Measurements are taken at two sections in a converging conduit through which air is moving. At the upstream section, the cross-sectional area is \(25 \mathrm{~cm}^{2},\) the Mach number is 0.5 , and the temperature and pressure are \(75^{\circ} \mathrm{C}\) and \(750 \mathrm{kPa}\), respectively. At the downstream section, the Mach number is 0.9 . Assuming adiabatic and frictionless flow between the two sections, estimate the mass flow rate through the conduit and the temperature, pressure, and flow velocity at the downstream section.
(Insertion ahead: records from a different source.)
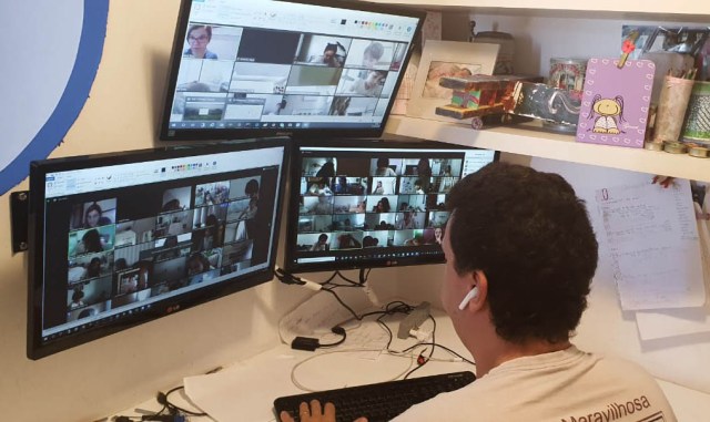 Foram dezenas de ações, desde a criação de 110 salas virtuais para uma interação verdadeira e ao vivo, o treinamento de mais de 150 professores na plataforma Zoom, suporte técnico diário para professores e famílias, até a gravação de mais de 13 mil horas de aulas e reuniões.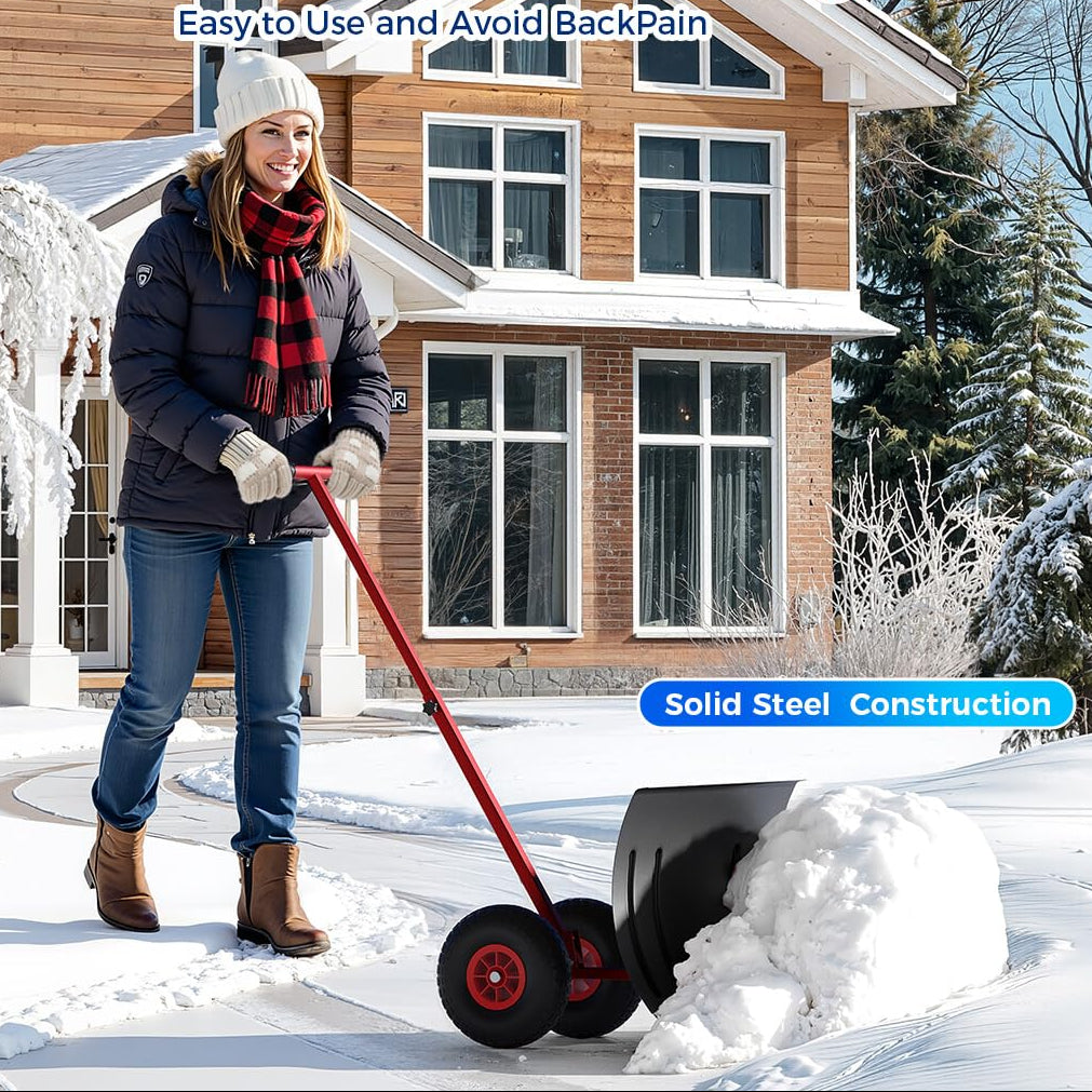 Garvee Heavy-Duty Snow Pusher with Wheels 30in Wide Blade 5-Position Adjustable Handle Steel Frame Anti-Slip Wheels Driveway Sidewalk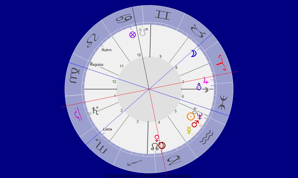 16 Jahre nacheinander hat unsere Mannschaft schon gegen Italien verloren. Wir folgen hier in der Interpretation ausnahmsweise streng nach den mittelalterlichen Regeln, die uns der große John Frawley überliefert hat, und es ist nur ein Spiel! Danach ist der Gastgeber Jungfrau und Zwilling für H 1 und H 10, sowie Mond als zweiter Hausherrscher 10. Zum Glück, denn sonst müßten wir nach Frawley für die Gäste entscheiden, die mit H 4 und H 7 vertreten sind, und daher Jupiter als Herr des Schützen und der Fische, sowie Saturn wären. Antiszie des Glückspunktes landet (gespiegelt an der 0 Grad-Steinbock-Achse) im Haus 9 in Zwillingen, gibt keinen Hinweis. Aber der Mond macht zuerst einen Aspekt mit Venus, und die steht im Haus der Gäste 4 – sie müßten gewinnen, wenn nicht Mond wir selber wären.

Air flows through an insulated pipe section that is \(0.50 \mathrm{~m}\) long and has a diameter of \(50 \mathrm{~mm}\). At the entrance to the pipe, the Mach number is \(0.6,\) the pressure is \(150 \mathrm{kPa}\), and the temperature is \(27^{\circ} \mathrm{C}\). If the average friction factor in the pipe is \(0.020,\) determine the Mach number, temperature, and pressure at the exit of the pipe section.

A CD nozzle takes in air from a large chamber that has a pressure and temperature of \(1. 1 \mathrm{MPa}\) and \(627^{\circ} \mathrm{C}\), respectively. Under particular operating conditions, a normal shock occurs at the exit section and the Mach number of the flow just before the shock is 2.3. Compare the pressure temperature and velocity before and after the shock.

A supersonic aircraft is cruising at an elevation of \(10 \mathrm{~km}\) in a standard atmosphere, and the (stagnation) pressure measured by a Pitot tube mounted on the aircraft is \(100 \mathrm{kPa}\). Estimate the air speed and Mach number at which the aircraft is traveling.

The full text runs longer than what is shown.